What needs to be done -> Reproduce the records below exactly, leaving their images out.

=======

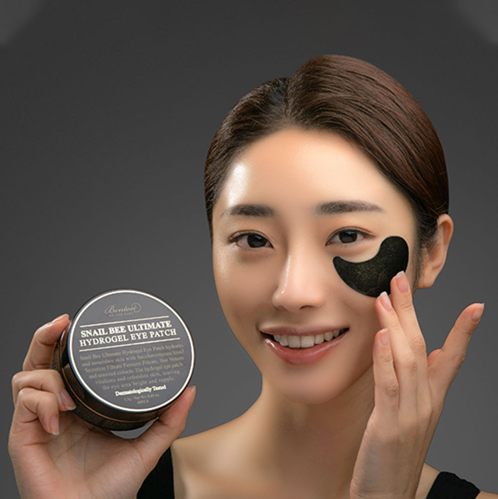 Гидрогелевые патчи интенсивного действия с ферментированным муцином улитки и пчелиным ядом от Бентон имеют удобную каплевидную форму, хорошо пропитаны, не сползают и не тянут веко. Не раздражают чувствительную кожу вокруг глаз и не имеют отдушки. Дерматологически протестированы. Не тестируются на животных.
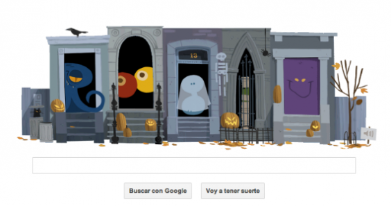 Este doodle está ambientado con sonido de viento, como en una película de terror, y cada animación suena de forma característica al darle click.
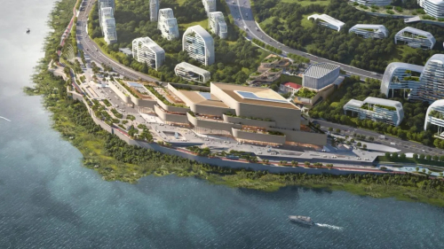作为三江新区滨江商业带的标志性项目,知名建筑设计团队扎哈·哈迪德建筑事务所(Zaha Hadid Architects)在项目建筑创意及地标元素打造时,结合项目北侧的「中元造纸厂」、隔江相望的「陈塘关古镇旧址」、深入人心的「哪吒文化IP」等,以江景平台与特色IP地标为核心,构建起连接历史记忆与现代消费的长江文化枢纽。
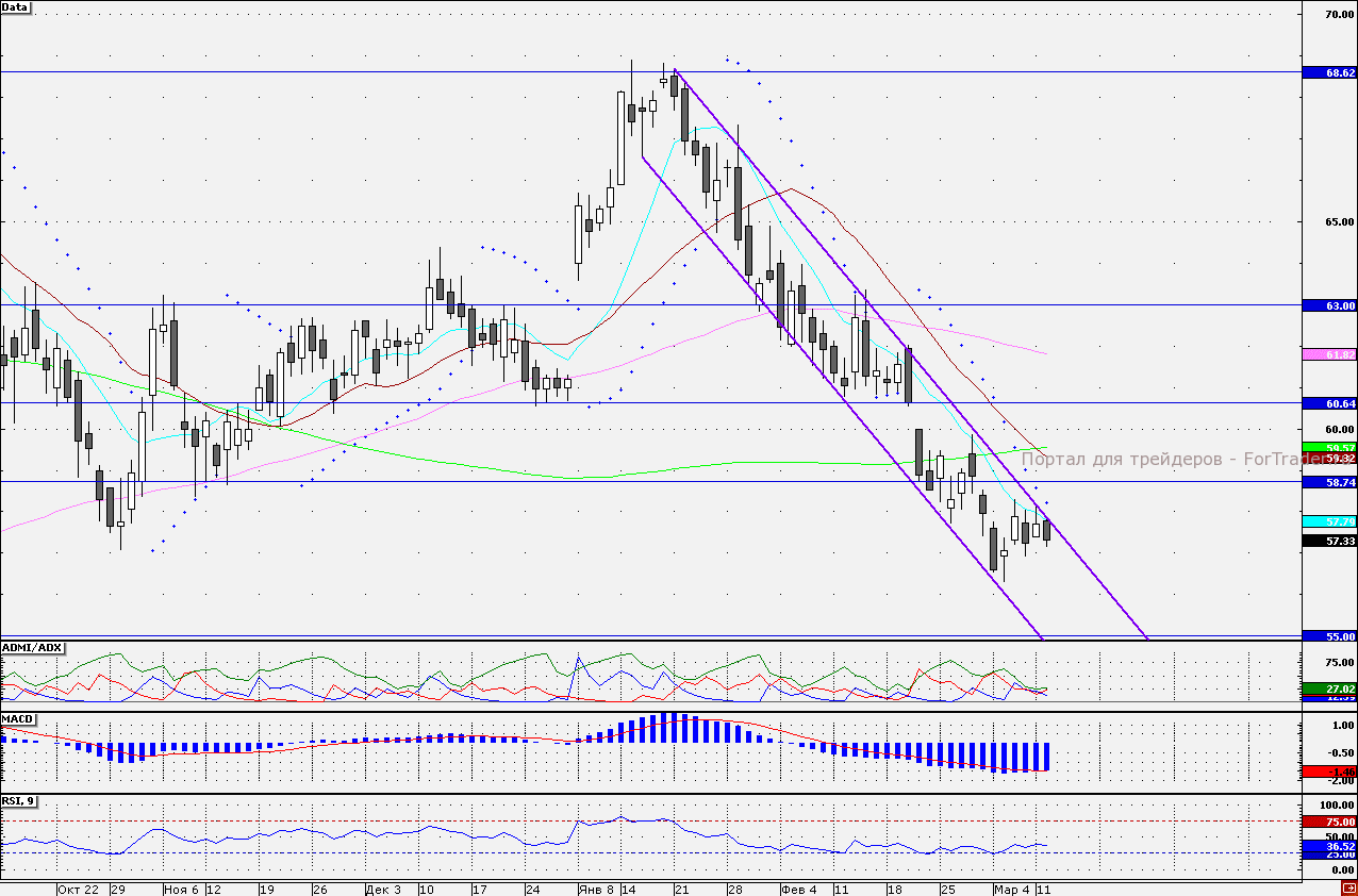 Акции НЛМК продолжают торговаться в рамках нисходящего канала, действующего с января текущего года. Сегодня бумаги откатываются вниз от верхней границы канала, усиленной близостью прохождения 10-дневной скользящей средней, проходящей в районе 57,80 руб. При продолжении отката целью выступает минимум текущего года, на отметке 56,30 руб. Показания трендовых индикаторов пока не дают сигналов на разворот. Индикатор ADMI/ADX показывает, что силы «медведей» по бумагам пока преобладают (линия «быков» находится» ниже линии «медведей»), при этом график индикатора MACD (12;26;9) все еще снижается на отрицательной территории. Таким образом, короткие позиции по бумагам пока более привлекательны, целью для них может выступить отметка 56,30 руб. Привлекательность длинных позиций возрастет лишь после закрепления над верхней границей нисходящего канала. Наш 30-минутный торговый робот открыл короткие позиции от отметки 57,86 руб. и пока удерживает их.
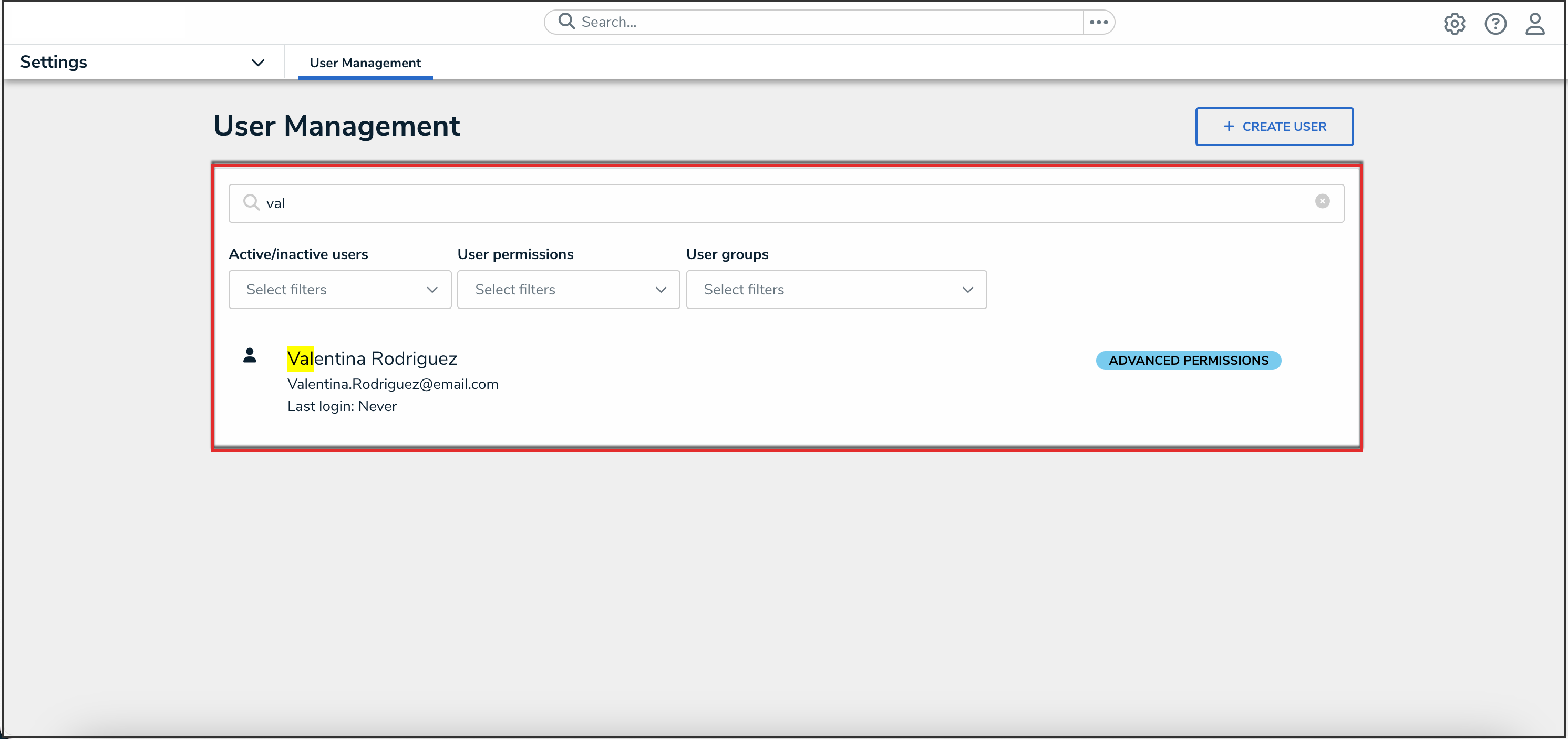 - Enter a user's name in the Search field to narrow the search results.
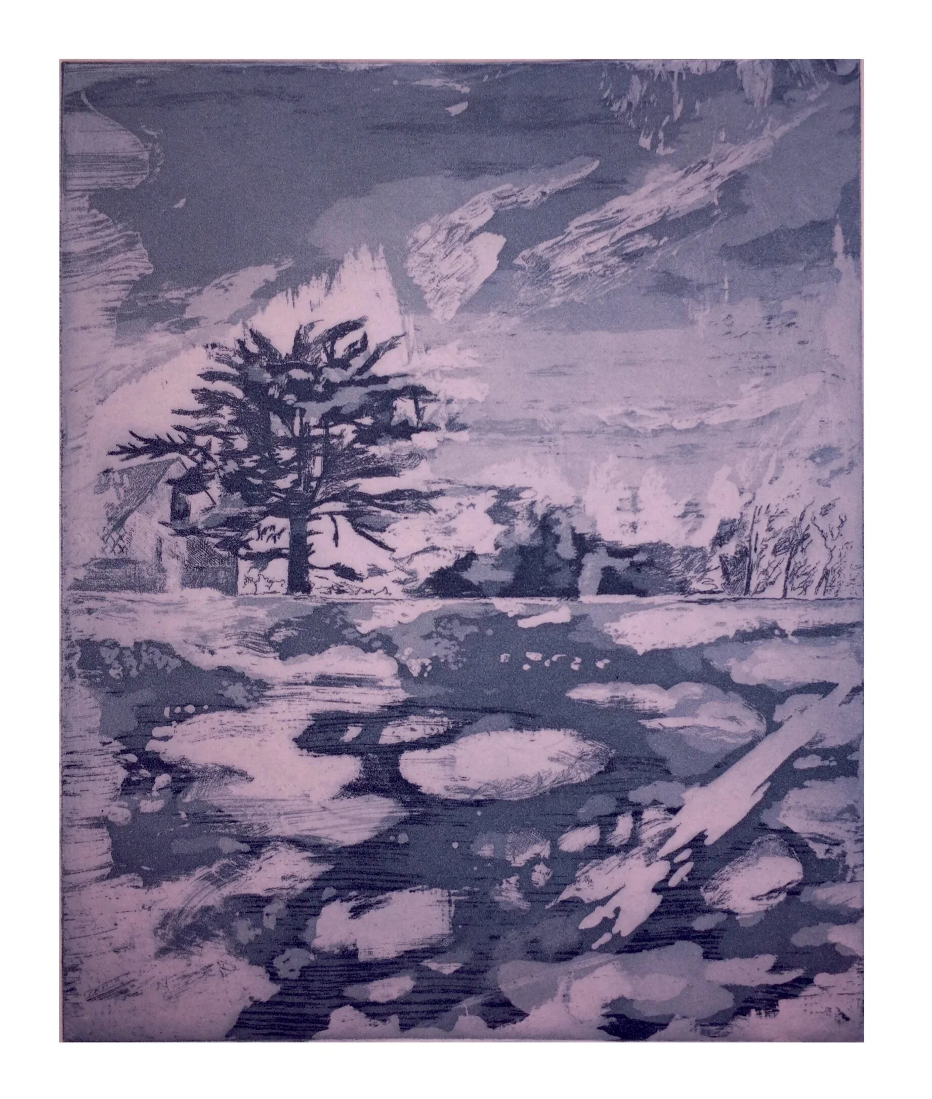 Cloudy day - 2020 - aquatint, hard ground, dry point etched on copper - 25 x 20 cm
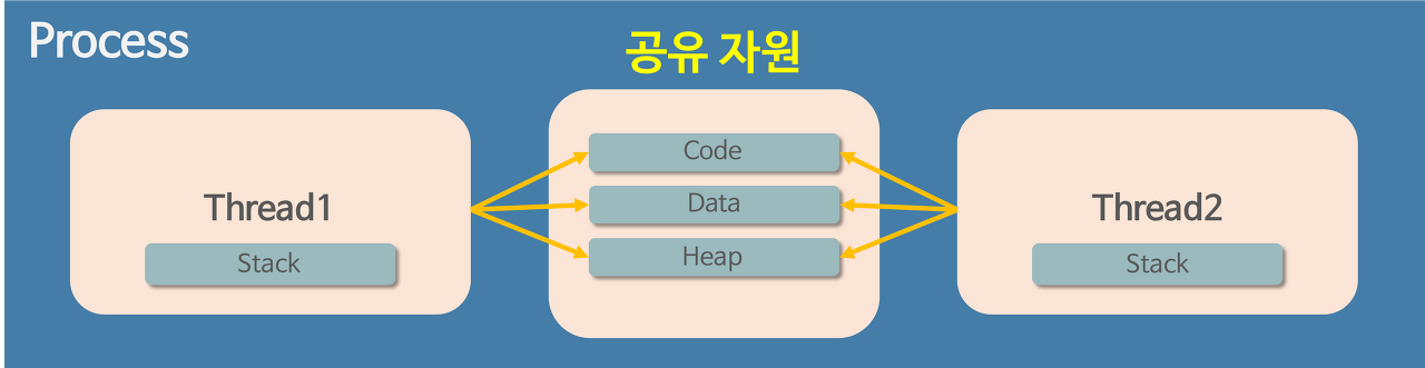 코드, 데이터, 힙을 서로 공유하는 스레드와는 다르게 프로세스는 코드, 데이터, 스택, 힙을 독립적으로 가진다.
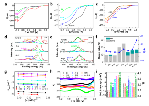 Figure 3. ORR活性與G@GC中化學成分的相關性。(a-c) 不同樣品在相應條件下的LSV 曲線對比。(d-e) C1s 和 N 1s XPS 光譜。(f) 0.4 V下 ORR 活性與碳-氧和碳-氮的原子百分比的相關性。(g) K-L圖。(h) 電子轉移數。(i) K-L截距。
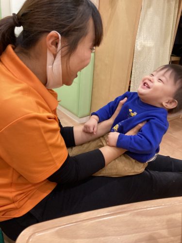 「おばけだよ~ひゅ~ひゅ~」などと声を掛けるとにっこり☻
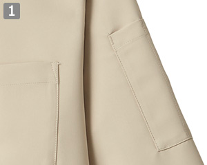 - 左胸ポケット、左袖ペン差し付、両脇スリット
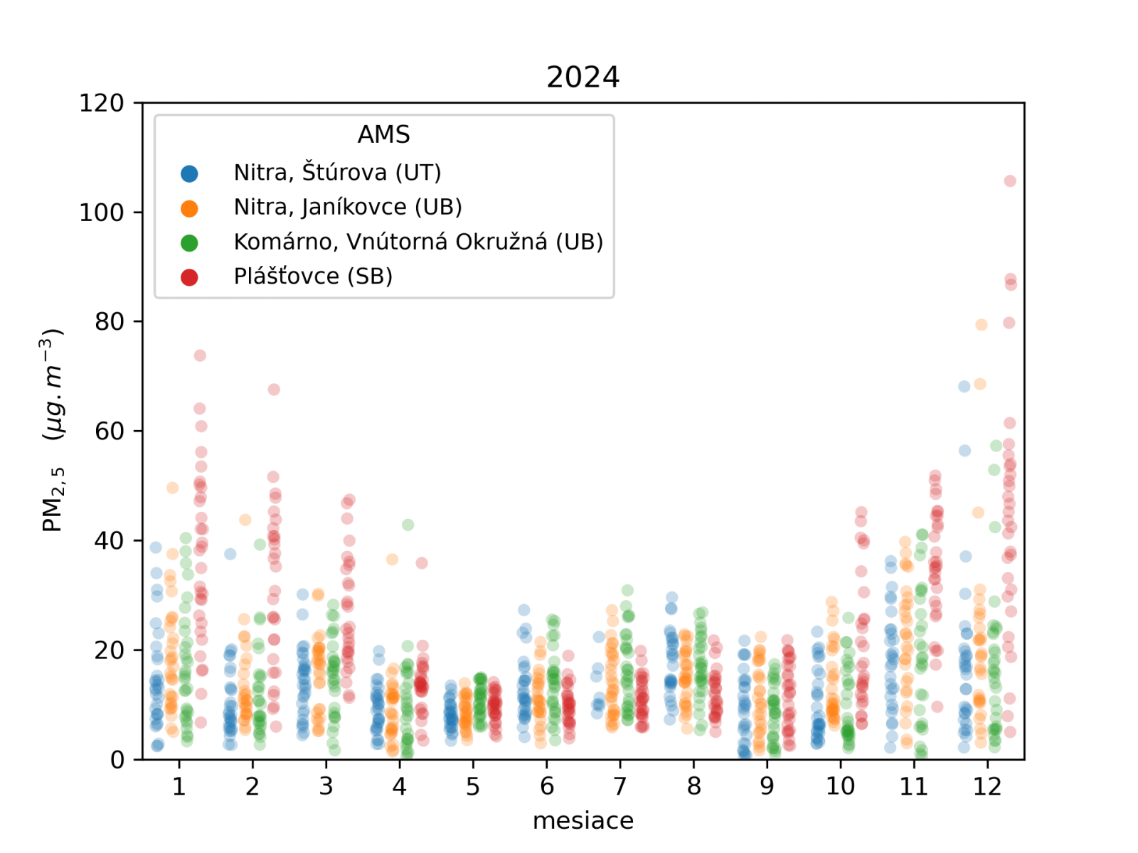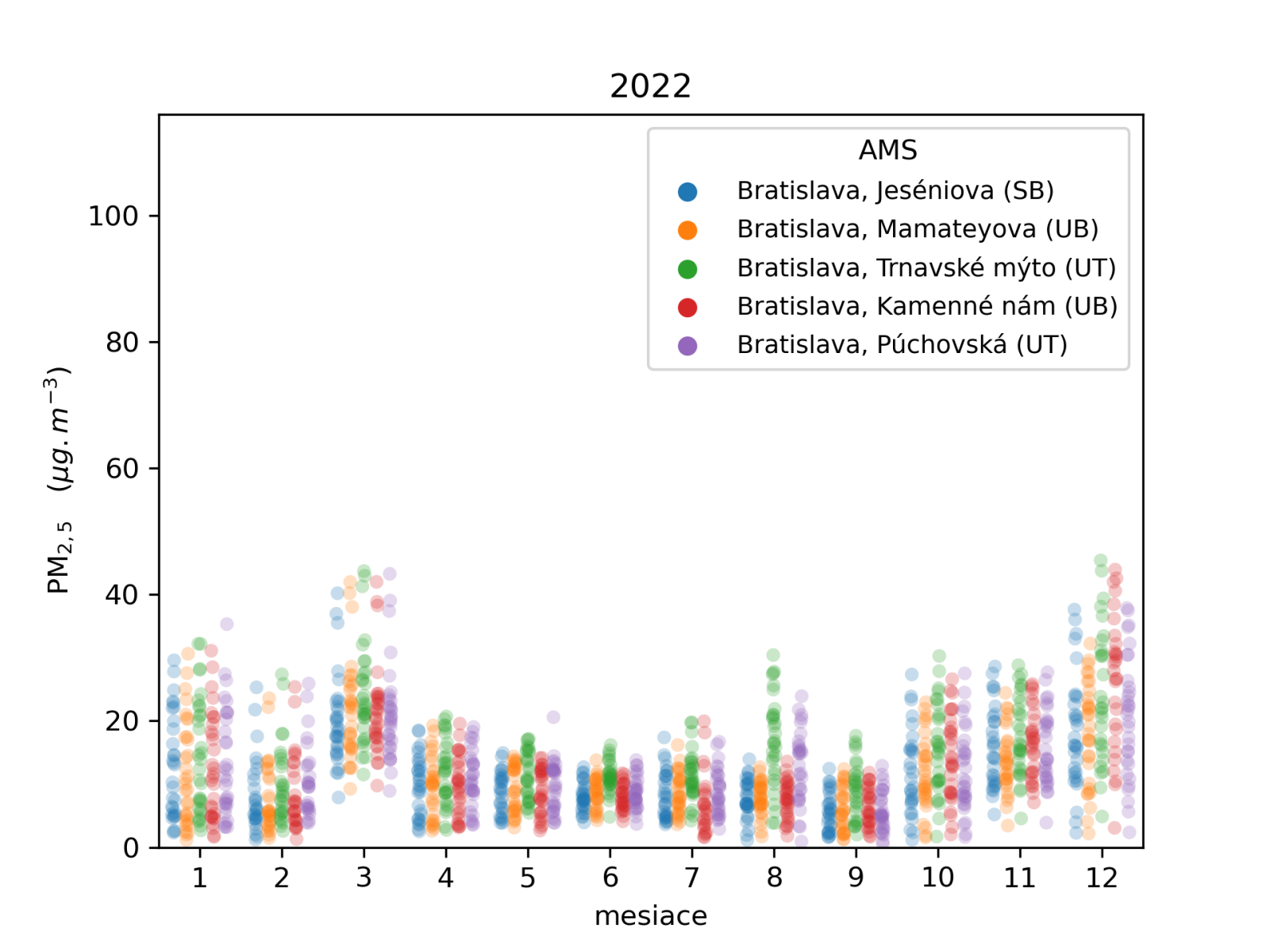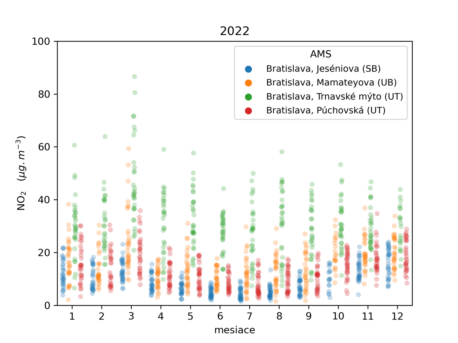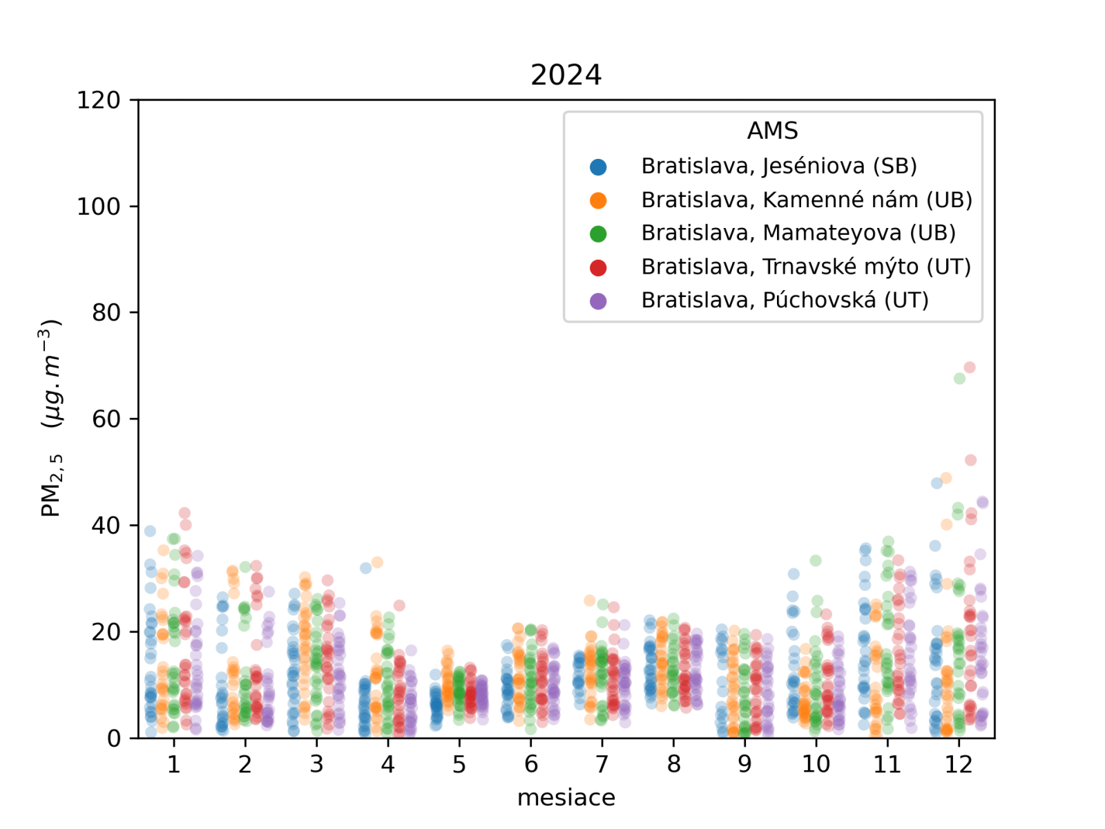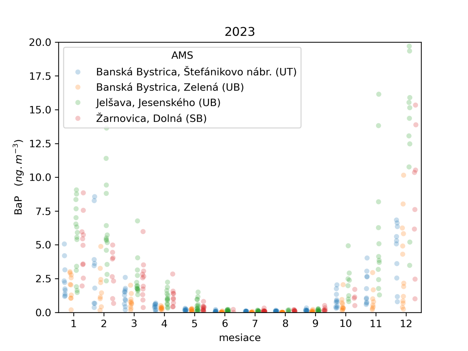 Poznámka: Pre účely hodnotenia kvality ovzdušia je územie Slovenska rozdelené na aglomerácia a zóny, rozdelenie je popísané na web stránke SHMÚ.V grafoch je v legende pri monitorovacej stanici v zátvorke uvedený typ oblasti a stanice.

=======

Written answer ->
 Гидрогелевые патчи интенсивного действия с ферментированным муцином улитки и пчелиным ядом от Бентон имеют удобную каплевидную форму, хорошо пропитаны, не сползают и не тянут веко. Не раздражают чувствительную кожу вокруг глаз и не имеют отдушки. Дерматологически протестированы. Не тестируются на животных.
 Este doodle está ambientado con sonido de viento, como en una película de terror, y cada animación suena de forma característica al darle click.
作为三江新区滨江商业带的标志性项目,知名建筑设计团队扎哈·哈迪德建筑事务所(Zaha Hadid Architects)在项目建筑创意及地标元素打造时,结合项目北侧的「中元造纸厂」、隔江相望的「陈塘关古镇旧址」、深入人心的「哪吒文化IP」等,以江景平台与特色IP地标为核心,构建起连接历史记忆与现代消费的长江文化枢纽。
 Акции НЛМК продолжают торговаться в рамках нисходящего канала, действующего с января текущего года. Сегодня бумаги откатываются вниз от верхней границы канала, усиленной близостью прохождения 10-дневной скользящей средней, проходящей в районе 57,80 руб. При продолжении отката целью выступает минимум текущего года, на отметке 56,30 руб. Показания трендовых индикаторов пока не дают сигналов на разворот. Индикатор ADMI/ADX показывает, что силы «медведей» по бумагам пока преобладают (линия «быков» находится» ниже линии «медведей»), при этом график индикатора MACD (12;26;9) все еще снижается на отрицательной территории. Таким образом, короткие позиции по бумагам пока более привлекательны, целью для них может выступить отметка 56,30 руб. Привлекательность длинных позиций возрастет лишь после закрепления над верхней границей нисходящего канала. Наш 30-минутный торговый робот открыл короткие позиции от отметки 57,86 руб. и пока удерживает их.
 - Enter a user's name in the Search field to narrow the search results.
 Cloudy day - 2020 - aquatint, hard ground, dry point etched on copper - 25 x 20 cm
 코드, 데이터, 힙을 서로 공유하는 스레드와는 다르게 프로세스는 코드, 데이터, 스택, 힙을 독립적으로 가진다.
 Figure 3. ORR活性與G@GC中化學成分的相關性。(a-c) 不同樣品在相應條件下的LSV 曲線對比。(d-e) C1s 和 N 1s XPS 光譜。(f) 0.4 V下 ORR 活性與碳-氧和碳-氮的原子百分比的相關性。(g) K-L圖。(h) 電子轉移數。(i) K-L截距。
 「おばけだよ~ひゅ~ひゅ~」などと声を掛けるとにっこり☻
 - 左胸ポケット、左袖ペン差し付、両脇スリット
 Poznámka: Pre účely hodnotenia kvality ovzdušia je územie Slovenska rozdelené na aglomerácia a zóny, rozdelenie je popísané na web stránke SHMÚ.V grafoch je v legende pri monitorovacej stanici v zátvorke uvedený typ oblasti a stanice.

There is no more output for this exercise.